Required action: The output must consist only of the lines from the one with "Mahatma Gandhi Token, Mixed" through the end of the listing, restated exactly and free of pictures.

Working data:
-----

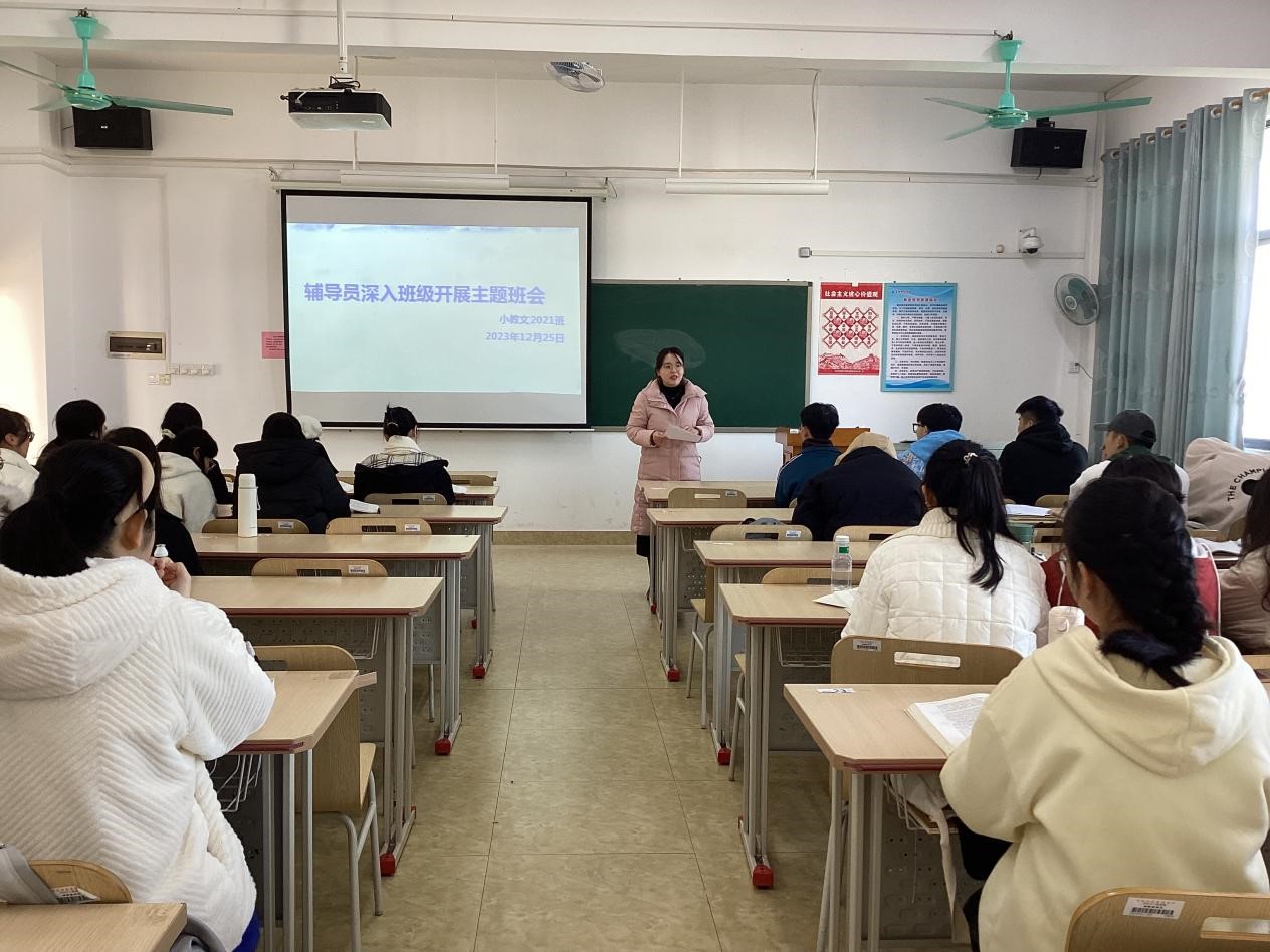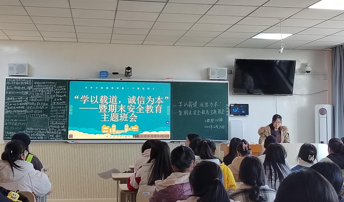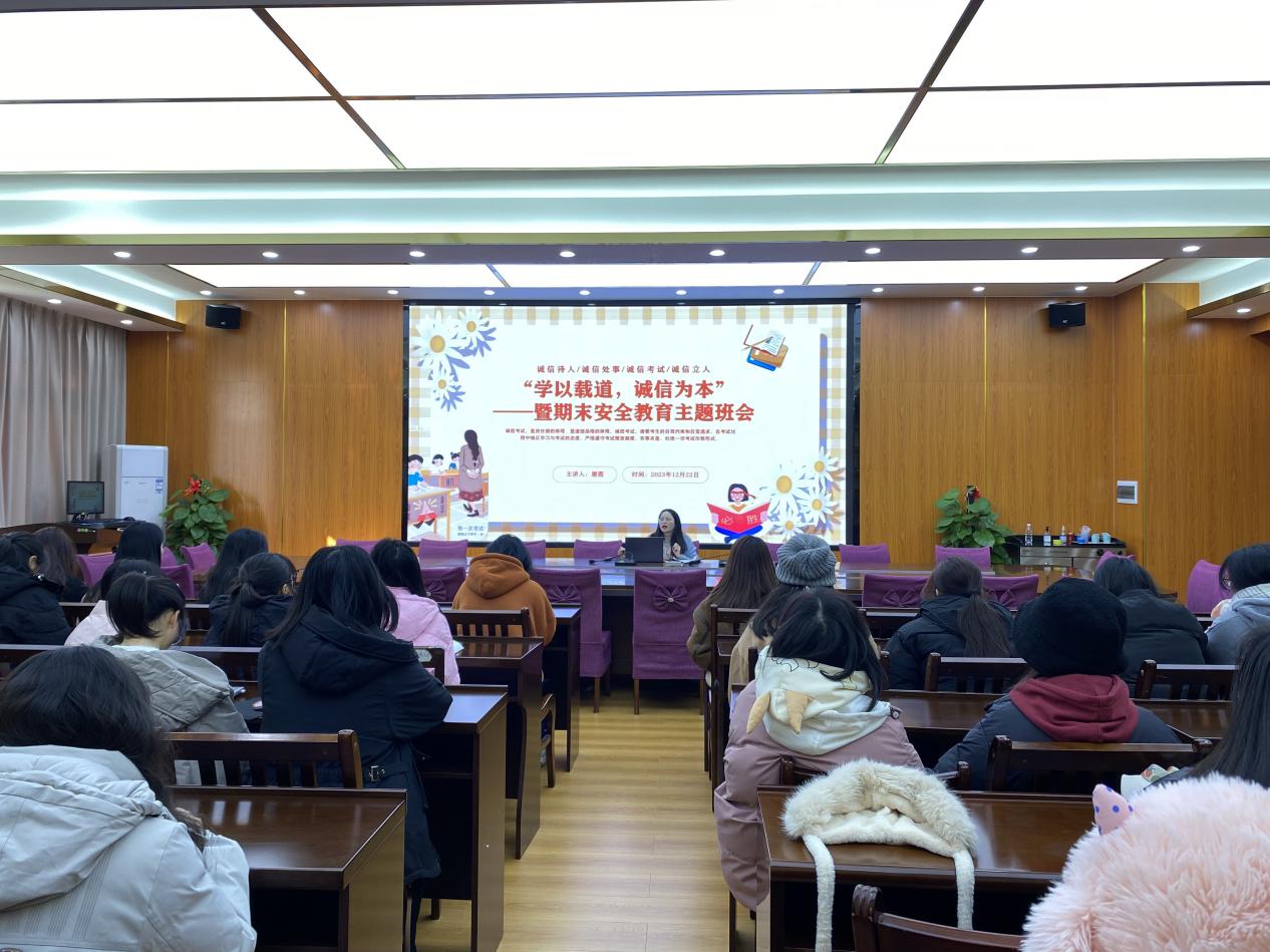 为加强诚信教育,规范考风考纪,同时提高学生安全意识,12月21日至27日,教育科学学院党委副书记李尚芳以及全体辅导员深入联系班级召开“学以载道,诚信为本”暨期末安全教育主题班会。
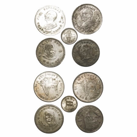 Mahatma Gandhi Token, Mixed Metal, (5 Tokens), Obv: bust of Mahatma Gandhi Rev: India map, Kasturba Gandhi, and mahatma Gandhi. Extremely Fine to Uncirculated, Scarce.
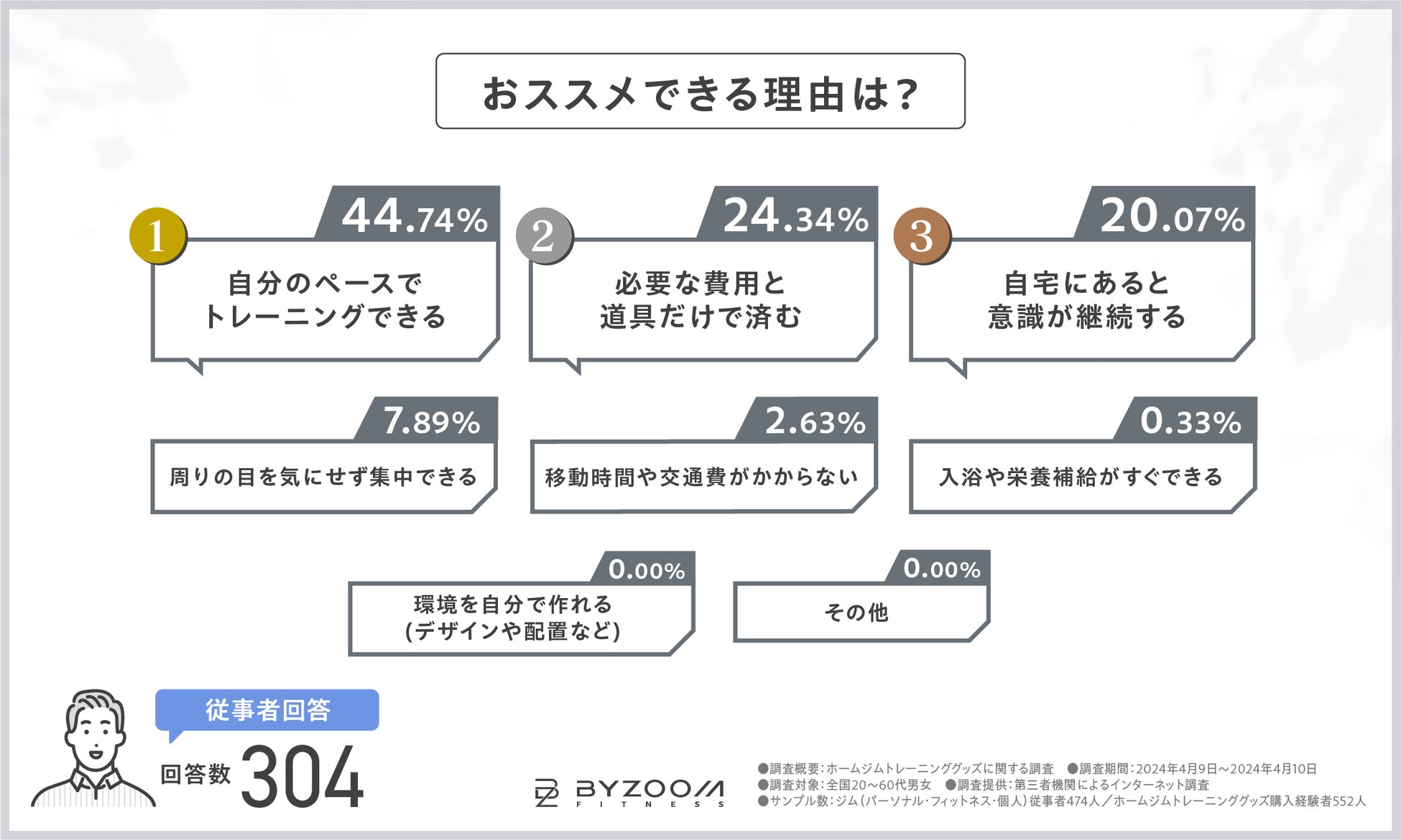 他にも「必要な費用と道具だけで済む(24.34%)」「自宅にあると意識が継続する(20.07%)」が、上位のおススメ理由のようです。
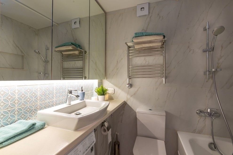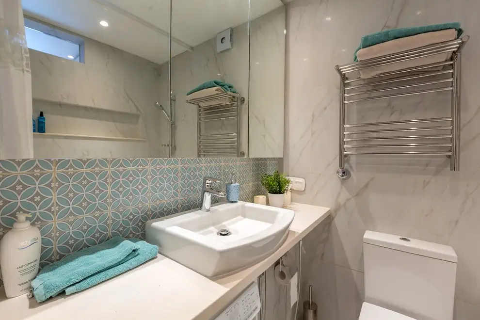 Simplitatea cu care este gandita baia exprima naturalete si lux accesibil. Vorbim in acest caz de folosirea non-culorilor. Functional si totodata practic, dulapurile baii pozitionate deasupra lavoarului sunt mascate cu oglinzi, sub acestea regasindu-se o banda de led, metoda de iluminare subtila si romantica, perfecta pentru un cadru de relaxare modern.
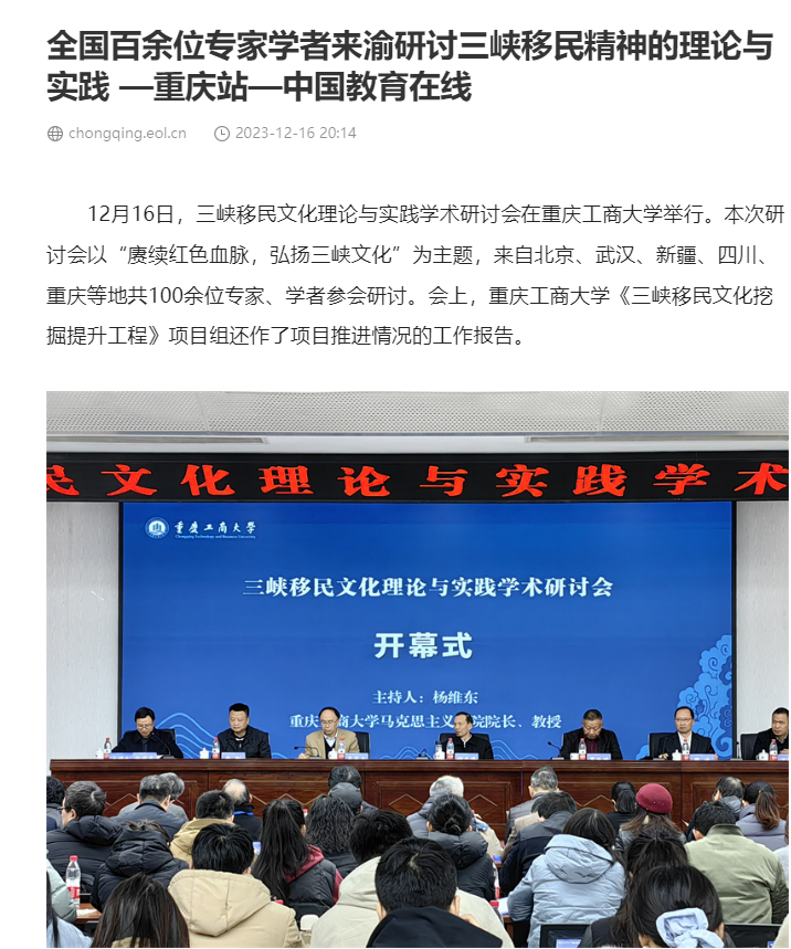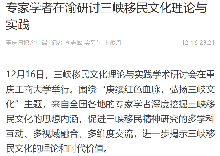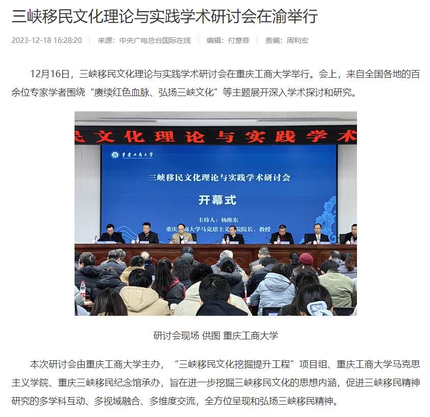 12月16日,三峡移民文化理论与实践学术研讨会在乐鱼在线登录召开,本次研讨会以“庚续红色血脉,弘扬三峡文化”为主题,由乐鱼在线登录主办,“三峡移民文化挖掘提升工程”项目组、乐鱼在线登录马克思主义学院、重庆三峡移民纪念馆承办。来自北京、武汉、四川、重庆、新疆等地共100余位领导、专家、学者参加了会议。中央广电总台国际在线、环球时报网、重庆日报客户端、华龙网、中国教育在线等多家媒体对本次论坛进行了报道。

-----

Response:
 Mahatma Gandhi Token, Mixed Metal, (5 Tokens), Obv: bust of Mahatma Gandhi Rev: India map, Kasturba Gandhi, and mahatma Gandhi. Extremely Fine to Uncirculated, Scarce.
 他にも「必要な費用と道具だけで済む(24.34%)」「自宅にあると意識が継続する(20.07%)」が、上位のおススメ理由のようです。
 Simplitatea cu care este gandita baia exprima naturalete si lux accesibil. Vorbim in acest caz de folosirea non-culorilor. Functional si totodata practic, dulapurile baii pozitionate deasupra lavoarului sunt mascate cu oglinzi, sub acestea regasindu-se o banda de led, metoda de iluminare subtila si romantica, perfecta pentru un cadru de relaxare modern.
 12月16日,三峡移民文化理论与实践学术研讨会在乐鱼在线登录召开,本次研讨会以“庚续红色血脉,弘扬三峡文化”为主题,由乐鱼在线登录主办,“三峡移民文化挖掘提升工程”项目组、乐鱼在线登录马克思主义学院、重庆三峡移民纪念馆承办。来自北京、武汉、四川、重庆、新疆等地共100余位领导、专家、学者参加了会议。中央广电总台国际在线、环球时报网、重庆日报客户端、华龙网、中国教育在线等多家媒体对本次论坛进行了报道。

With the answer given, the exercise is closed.